> [TASK GOAL]:
Every line of the listing is returned unchanged, and every picture is dropped.

:: COLLECTED MATERIAL

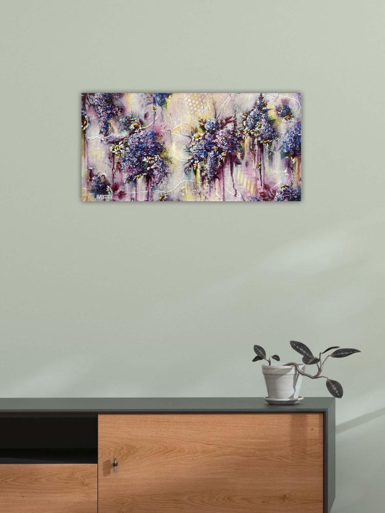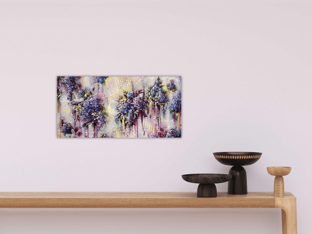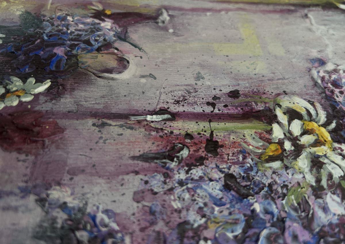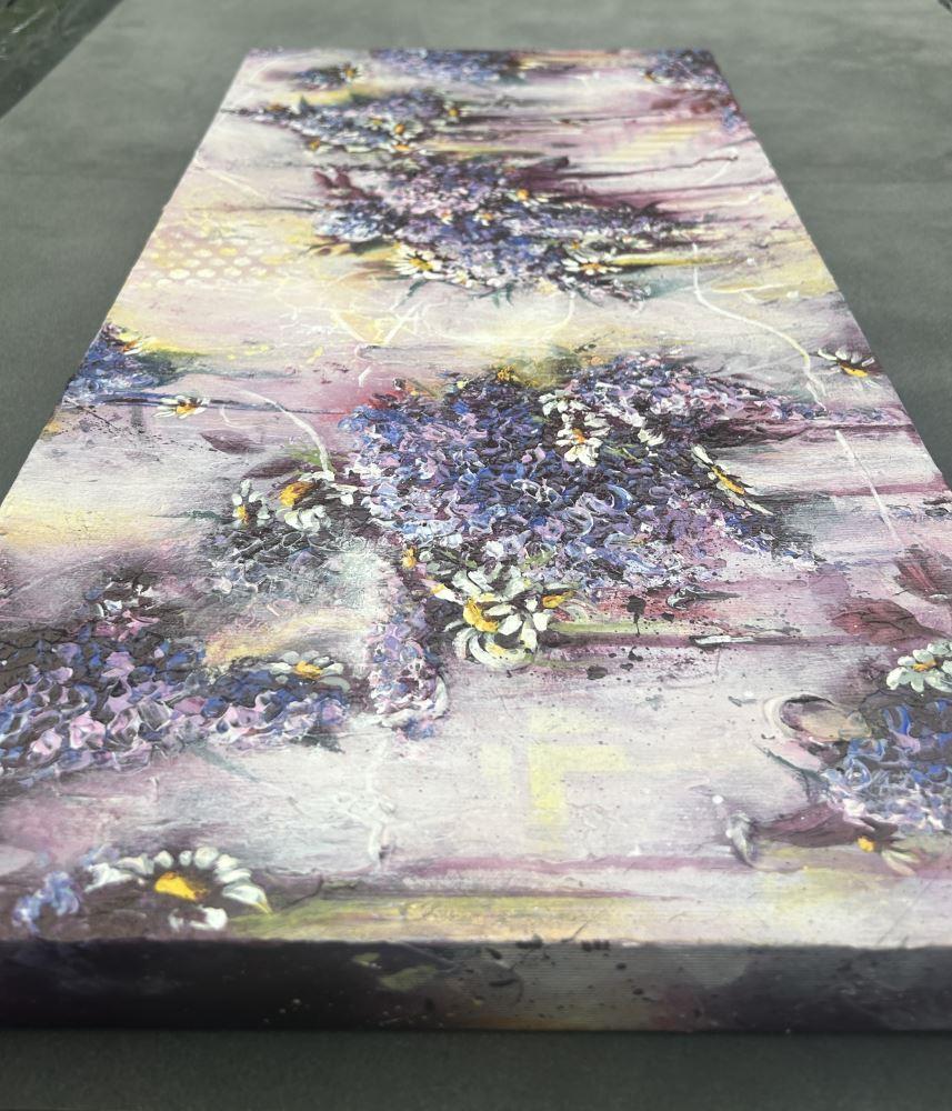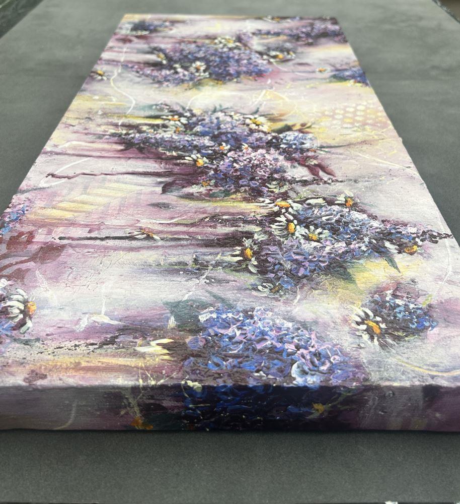 Textured semi-abstract lilacs and daisies in beautiful blues and purples, lilacs and yellows created with palette knives on a small panoramic box canvas. Aside from the eye-catching blooms, there's some subtle textures going on in the background, adding further interest to the piece.
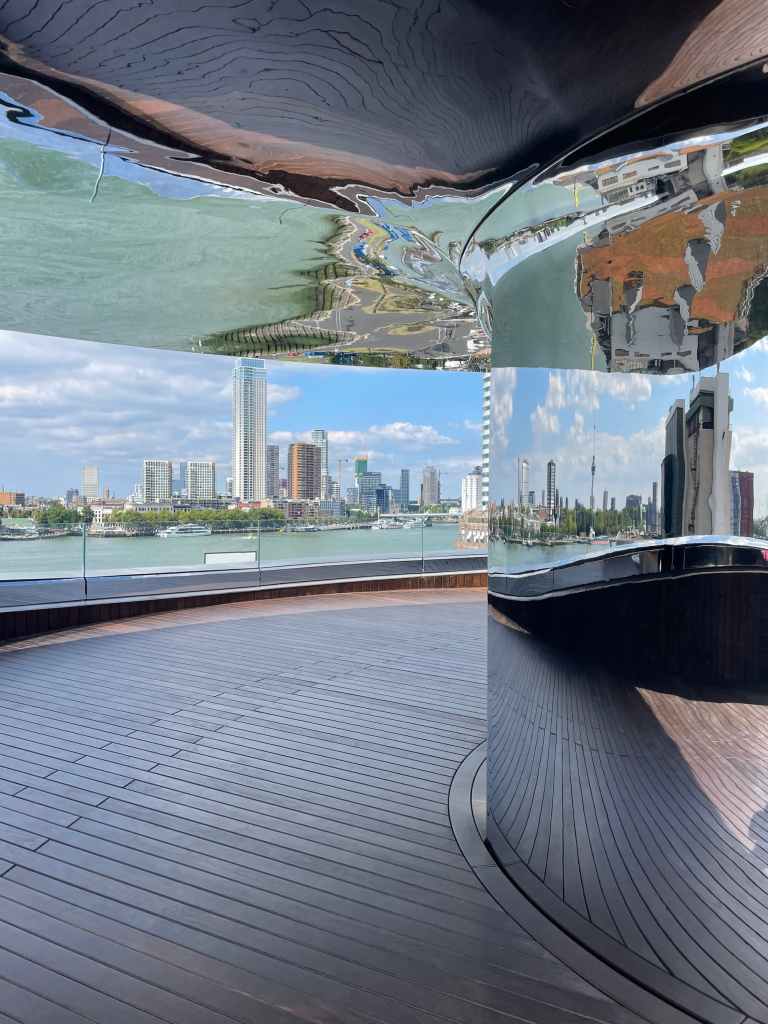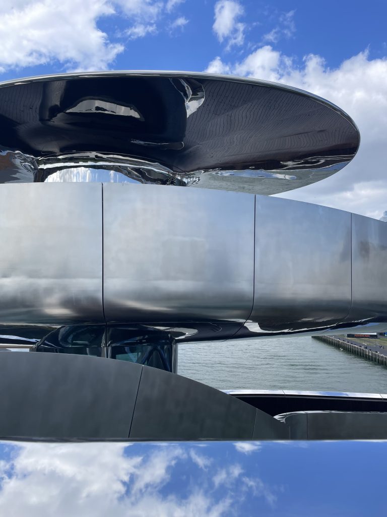 Fenix then hired Ma, who also designed the soon-to-be-completed Lucas Museum in Los Angeles, to transform the warehouse into a home for both this museum and an as-yet not finished performance center adjacent to the now open exhibition space. In response, the architect indeed made the grand central staircase. It is a flash of stainless, polished steel rising out of the middle of the concrete-framed building into a double helix that comes together only at the top, where it forms an observation point from which you can view Rotterdam’s center.
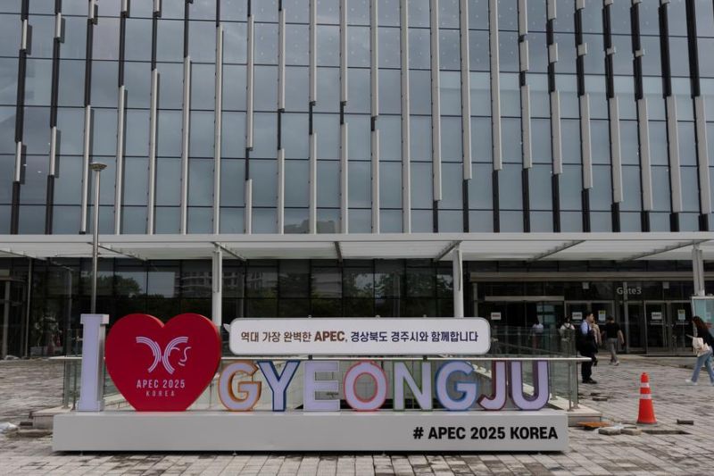 Foto yang diambil pada 24 September 2025 ini menunjukkan tanda tentang KTT Kerjasama Ekonomi Asia-Pasifik (APEC) di Gyeongju, Korea Selatan, ANTARA/Xinhua/Jun Hyosang Dia mengatakan bahwa China, Jepang, dan Korsel, yang telah memainkan peran signifikan dalam mekanisme kerja sama multilateral di bawah kerangka APEC, harus bersama-sama mendorong perdagangan bebas dan pemulihan ekonomi global, seraya menuturkan bahwa ketiga negara harus memperkuat kerja sama dalam mesin-mesin pertumbuhan masa depan seperti kecerdasan buatan (artificial intelligence/AI), revolusi digital, dan industri hijau

::::

> [EXERCISE SOLUTION]:
 Textured semi-abstract lilacs and daisies in beautiful blues and purples, lilacs and yellows created with palette knives on a small panoramic box canvas. Aside from the eye-catching blooms, there's some subtle textures going on in the background, adding further interest to the piece.
 Fenix then hired Ma, who also designed the soon-to-be-completed Lucas Museum in Los Angeles, to transform the warehouse into a home for both this museum and an as-yet not finished performance center adjacent to the now open exhibition space. In response, the architect indeed made the grand central staircase. It is a flash of stainless, polished steel rising out of the middle of the concrete-framed building into a double helix that comes together only at the top, where it forms an observation point from which you can view Rotterdam’s center.
 Foto yang diambil pada 24 September 2025 ini menunjukkan tanda tentang KTT Kerjasama Ekonomi Asia-Pasifik (APEC) di Gyeongju, Korea Selatan, ANTARA/Xinhua/Jun Hyosang Dia mengatakan bahwa China, Jepang, dan Korsel, yang telah memainkan peran signifikan dalam mekanisme kerja sama multilateral di bawah kerangka APEC, harus bersama-sama mendorong perdagangan bebas dan pemulihan ekonomi global, seraya menuturkan bahwa ketiga negara harus memperkuat kerja sama dalam mesin-mesin pertumbuhan masa depan seperti kecerdasan buatan (artificial intelligence/AI), revolusi digital, dan industri hijau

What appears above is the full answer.